BUENOS AIRES (Reuters) – Argentina’s government announced on Friday a price agreement for supermarkets to limit monthly increases to a maximum of 5% for 90 days as the country tries to tamp down triple-digit inflation as a high-stakes election looms.
Economy Minister Sergio Massa made the announcement after a meeting with supermarket representatives, noting that officials reached the deal with representatives of 31 local supermarket chains to “stabilize” prices until national elections scheduled for October.
Massa himself is running for president as the standard-bearer of the ruling Peronist coalition, after he won its nomination in last Sunday’s primary vote.
The center-left minister will face off against radical libertarian Javier Milei, the top vote getter in the nationwide primary, and center-right hopeful Patricia Bullrich.
The agreement takes into account tax benefits for those supermarkets that do not increase prices above 5% per month, besides a credit program for small and medium-sized companies that supply supermarkets, the ministry said in a statement.

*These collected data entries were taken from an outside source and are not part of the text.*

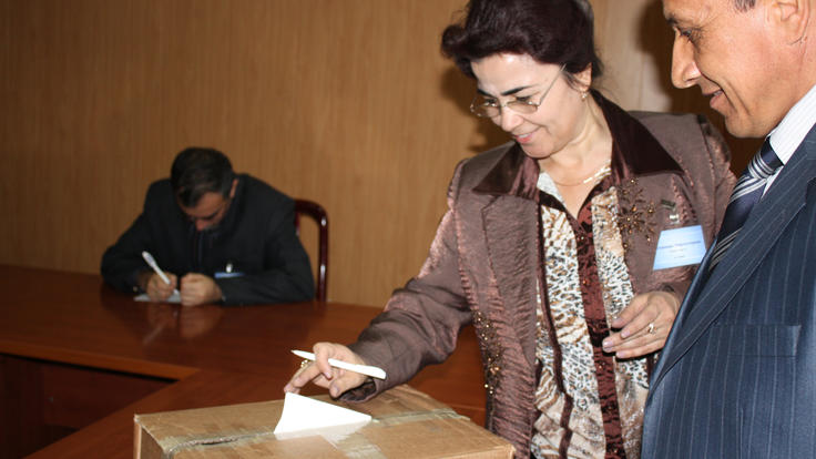 Journalist voting at the constituent assembly of the TCM, 30 November 2009.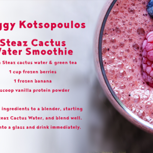 Cacti’s ability to withstand warmer climes makes cactus water a great source of hydration, electrolytes and antioxidants. This smoothie, made with Fair Trade Certified Steaz Cactus Water, augments these natural benefits with vitamin-dense fruit and protein powder. A satisfying beverage to keep you hydrated and energized on even the hottest days.
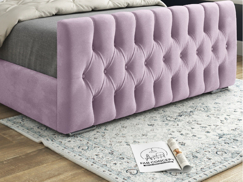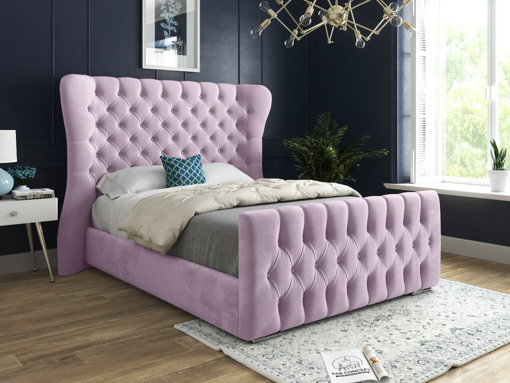 Wingback Wide Curved Upholstered Soft Velvet Fabric Button Bed Frame (Pink)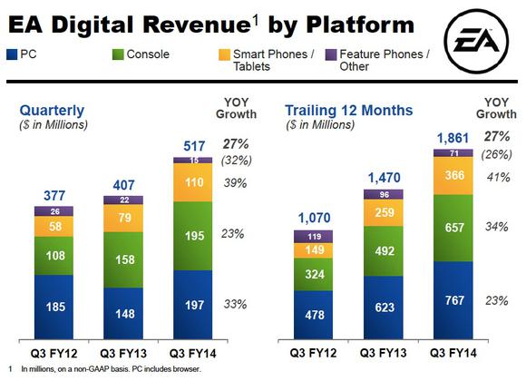 As illustrated in the image above, Electronic Arts' revenue from smartphone and tablets has been growing at a spectacular pace, but therein lies the problem. The company's smartphone and tablet revenue, collectively, accounts for just 21.2% of its overall revenue. This number, in turn, is comprised of software sales on iOS, Android, BlackBerry and Windows Phone platforms.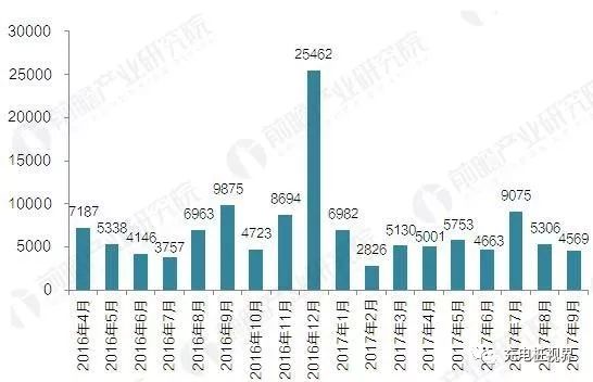 從月度變化來看,自2016年10月到2017年9月,月均新增公共類充電設(shè)施約7349個,2017年9月同比增長86.1%。

The move follows other price-freezing initiatives from the government to contain surging annual inflation, which topped 113% in July. Consumer prices are expected to rise further in August after Milei’s shock primary win led to a sharp peso devaluation.
“The objective of this deal is to prevent the variation in the official exchange rate – which responds to an (International Monetary Fund) condition – from being transferred to the prices of mass consumption products, negatively impacting the pocket books of all Argentines,” the statement added.
On Thursday, the ministry announced it would freeze fuel prices until October 31 after an agreement with the industry.